Comment by Deadmeat — August 12, 2009

I’d be interested in being able to access files as mime style packages. (similar to emails and MHTML.)

This would provide a low rent way to have multipart structured files. Of course the would make the API more complex since you’d want to be able to read each part individually. This would be useful for apps that want to load and save multipart data in a single file such that you didn’t need to prompt the user to select multiple files or embed and decode multiple files in a single file.

This is easily fakeable if the file is already an MHTML document, by reading as text and parsing. I’d be nice if this was baked in though.

Would make for a really simple shorthand for generating email attachments too.

Comment by Deadmeat — August 12, 2009

I love the idea of being able to open local files, make changes, and save them back to the users local file system. This would be huge for pushing the web forward as a platform.

Comment by aheckmann — August 12, 2009

You can prompt users to save “new” files by using data uris in links. so href=”data:text/saveme;base64,……”

Which isn’t quite the same thing. But then writing to local files is a whole other kettle of fish opening up way too many avenues for malicious sites to write files to disk.

Quite rightly runtimes like Adobe Air et al, are much more suited for that sort of application.

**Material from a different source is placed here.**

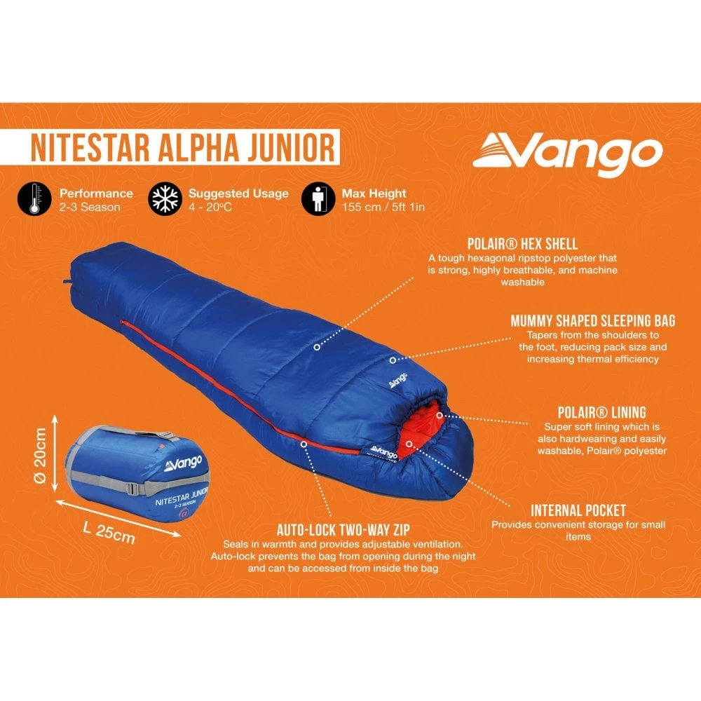 The ideal Junior sleeping bag, the Nitestar Alpha is excellent for

Comment by Deadmeat — August 12, 2009

FileList must be a plain-old array or a singly-linked list (this isn’t obvious in the spec), so that JS/C++/Java/Python/etc. developers can use their native tools for the job. And you know they will.

Usage of error codes in 2009 seems kind of… obsolete. Structured exceptions came from ML, where they are represented simply as datatypes. Why isn’t it the case in the IDL?

Comment by chiaroscuro — August 12, 2009

Uploading files by drag and drop from the native OS to a programmatically defined destination area inside the browser window would be great. Maybe we could have a confirmation dialog to prevent accidental uploads and to make this feature’s security equivalent to the one of the standard file selection box.

XHR file upload and progress callbacks will be very useful. Progress callbacks should be available for any XHR request, not only for files.

A way to query progress even for non-XHR file uploads would also be useful but it could be skipped if the browser reports about the progress of the uploads of every single file.

@Deadmeat: access to local files is a matter of trust. The OS itself or any famous application running on your machine (Office, Photoshop, any web browser) could be sending a copy of all your files to a remote server right now. All you can do is trust your vendor or the users’ community, read the source code if available, monitor your Internet connection. The companies running web applications are usually way more obscure than the vendors of OS or mainstream applications so trust is lower. Flash and also Java (Silverlight as well?) can access files, webcam and microphone but only after prompting the user for permission and I’m sure you grant permission only to applications you trust. There are no reasons why JavaScript shouldn’t be able to do the same. The only problem I see is that it will lower the barrier to entry for attackers: there are probably less people that can write Flash, Java and Silverlight than there are that can write JavaScript. As a countermeasure permissions should be granted on a single file basis and/or variables and DOM elements getting content from local files should be marked as tainted and the browser should not be able to send their values to a remote server.

Comment by pmontrasio — August 13, 2009

Mozilla has implemented drag and drop support for the File API, see https://bugzilla.mozilla.org/show_bug.cgi?id=503598.

You can try out this demo in a Firefox nightly build: https://bug503598.bugzilla.mozilla.org/attachment.cgi?id=388413

You can even drop multiple files at once.